Speaker
Description
The rapid growth in global data production, particularly from remote sensing and Earth observation, has created significant opportunities to address pressing global challenges such as climate change, biodiversity loss, and sustainable resource management. Open data from satellites, drones, and environmental sensors, although increasingly available, often require complex integration due to diverse formats, large data volumes, and heterogeneous sources. Effectively exploiting these datasets needs automated processes that rely heavily on detailed metadata. This proposed presentation will detail the advances and developments of the GOYAS project and its platform, which emphasizes adopting metadata standards and automated processing pipelines to ensure a FAIR (Findable, Accessible, Interoperable, and Reusable) data lifecycle, generating novel remote-sensing-based products.
Introduction
Earth Observation and environmental sciences are experiencing significant growth in available data, not only in terms of volume but also in terms of quality at various resolutions (spatial, spectral/radiometric, temporal) and through new instruments and sensors. Moreover, recent developments in techniques, methods, and Artificial Intelligence (AI) algorithms facilitate the estimation and production of new physical, chemical, or biological georreferenced variables. Addressing global issues such as climate change and ecosystem management requires integrating diverse datasets. For instance, AI-based algorithms for estimating chlorophyll concentration in freshwater reservoirs depend on in-situ data to train and validate new models. Remote-sensing data pose challenges due to their format variability, large volumes, and complexity. Global initiatives such as Copernicus and Digital Earth Australia standardize data products derived from Earth observation missions, facilitating user access. However, incorporating new algorithms or variables into these platforms can be complex, particularly for variables that cannot be produced globally. Nevertheless, innovative and experimental AI-derived data products are beneficial for various stakeholders. Ensuring FAIR compliance of these datasets is crucial as it enables their reuse, validation, and reproducibility. Achieving this requires robust data lifecycle management supported by comprehensive metadata standards.
FAIR Data Life Cycle in GOYAS project
The OSCARS project aims to enable Open Science services adhering to FAIR principles, interconnected with Research Infrastructures and the European Open Science Cloud (EOSC). Under the OSCARS umbrella, the GOYAS project is developing an Open Science service linked to ENVRI (European Environmental Research Infrastructures). The GOYAS platform employs the ISO19139 metadata standard, comprehensively addressing descriptive, administrative, and structural requirements for remote sensing data.
• Descriptive metadata ensures datasets are discoverable by incorporating unique persistent identifiers and clear descriptions, facilitating dataset search and identification.
• Administrative metadata provides essential context regarding data creation, quality assurance, licensing, accessibility, and usage conditions.
• Structural metadata, including format details, encoding, and logical attributes, enable interoperability and automated integration essential for complex analytical processes driven by AI or other automated mechanisms.

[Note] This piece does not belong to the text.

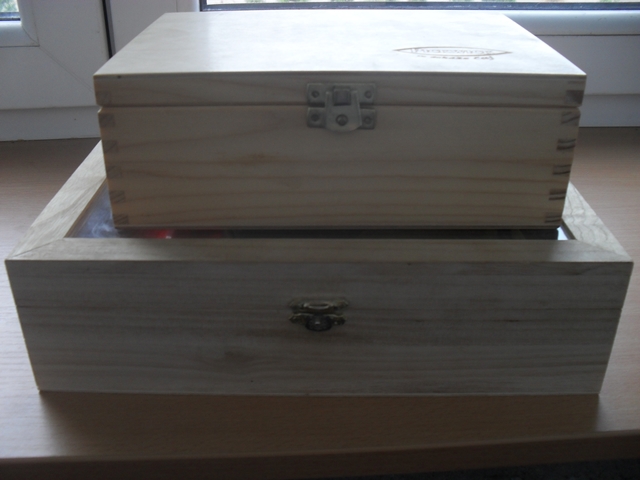 Pokračujeme záběrem dolů, na využitelnou část stolu : v plastových miskách zásoby japonců, roztříděné podle velikosti a rozdělené na skladovatelná množství podle barev. Zdá se, že tato "barikáda" má zabránit návštěvníkovi v nahlédnutí do autorovy třinácté komnaty, ukryté v tajemné skříňce...že by

GOYAS systematically documents these metadata categories, ensuring data are ready for integration, interpretation, and validation, both manually and through automated pipelines. Metadata also includes quality details such as accuracy and expected errors, enhancing transparency and helping users in evaluating data suitability.
FAIR-by-design Pipeline
The GOYAS infrastructure incorporates data products from four Spanish research institutes belonging to CSIC (Spanish National Research Council): Doñana Biological Station, Institute of Marine Sciences of Andalusia, Institute of Marine Science, and the Physics Institute of Cantabria. Product types are diverse, including flood data from Doñana National Park, satellite-derived bathymetries, oceanic data (temperature, salinity), and freshwater quality indicators, among others. The lifecycle of these products involves multiple complex steps—data collection, corrections, preprocessing, curation, processing, and ingestion. The FAIR-by-design approach adopted by GOYAS documents all components necessary for reproducibility. This pipeline systematically records each dataset action, from initial collection through final outputs, ensuring transparency and reproducibility. It references preprocessing algorithms using persistent identifiers and explicitly describes performed actions. Additionally, the pipeline integrates FAIR assessment tools (such as FAIR EVA) to conduct tests based on Research Data Alliance FAIR indicators (RDA FAIR Maturity Group). Consequently, new data products are published automatically only after all preceding steps have achieved FAIR compliance.
The primary users of the GOYAS platform include researchers developing innovative, experimental, or very localized remote sensing data products not suited for integration into large-scale portals like Copernicus. Additionally, the produced data are valuable to environmental scientists, policymakers, and public administrations for informed decision-making on environmental issues. This structured, FAIR-compliant pipeline significantly supports interdisciplinary research, environmental monitoring, resource management, and decision-making.
The proposed presentation will provide an overview of the GOYAS project, showcasing the FAIR-by-design workflow, including metadata management, automated data integration, processing, and FAIR validation. It will also include technical details of the underlying technologies and illustrate practical applications of the platform using available data products. This transparent and automation-supported approach is crucial for effectively adopting FAIR principles, and the GOYAS platform could serve as a model for similar initiatives.